Python offers a handy module called pprint, which has helpers for formatting and printing data in a nicely-formatted way. If you haven’t used this, you should definitely explore it!
Most people will reach for this module when using pprint.pprint() (aka pprint.pp()) or pprint.pformat(), but one under-appreciated method is pprint.saferepr(), which advertises itself as returning a string representation of an object that is safe from some recursion issues. They demonstrate this as:
>>> import pprint
>>> stuff = ['spam', 'eggs', 'lumberjack', 'knights', 'ni']
>>> stuff.insert(0, stuff)
>>> pprint.saferepr(stuff)
"[<Recursion on list with id=4370731904>, 'spam', 'eggs', 'lumberjack', 'knights', 'ni']"
But actually repr()
handles this specific case just fine:
>>> repr(stuff)
"[[...], 'spam', 'eggs', 'lumberjack', 'knights', 'ni']"
Pretty minimal difference there.

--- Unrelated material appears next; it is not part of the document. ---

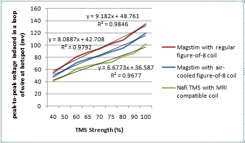 - Magstim with regular figure-of-eight coil is ~35% stronger than Nafi's TMS with MRI compatible coil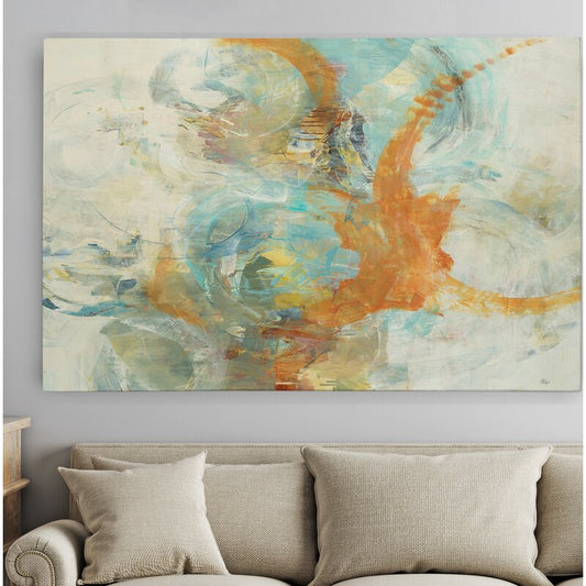 Vibrant Abstract Turquoise and Orange Oil Painting for Modern Home Decor

Is there another reason we might care about saferepr()
?
Dictionary string comparisons!
saferepr()
first sets up the pprint
pretty-printing machinery, meaning it takes care of things like sorting keys in dictionaries.

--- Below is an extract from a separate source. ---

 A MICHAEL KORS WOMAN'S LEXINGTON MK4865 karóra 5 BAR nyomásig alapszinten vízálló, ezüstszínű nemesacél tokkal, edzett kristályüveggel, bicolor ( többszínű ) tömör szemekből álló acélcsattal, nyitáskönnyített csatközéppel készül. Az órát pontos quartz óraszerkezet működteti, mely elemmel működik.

This is great! This is really handy when writing unit tests that need to compare, say, logging of data.
See, modern versions of CPython 3 will preserve insertion order of keys into dictionaries, which can be nice but aren’t always great for comparison purposes. If you’re writing a unit test, you probably want to feel confident about the string you’re comparing against.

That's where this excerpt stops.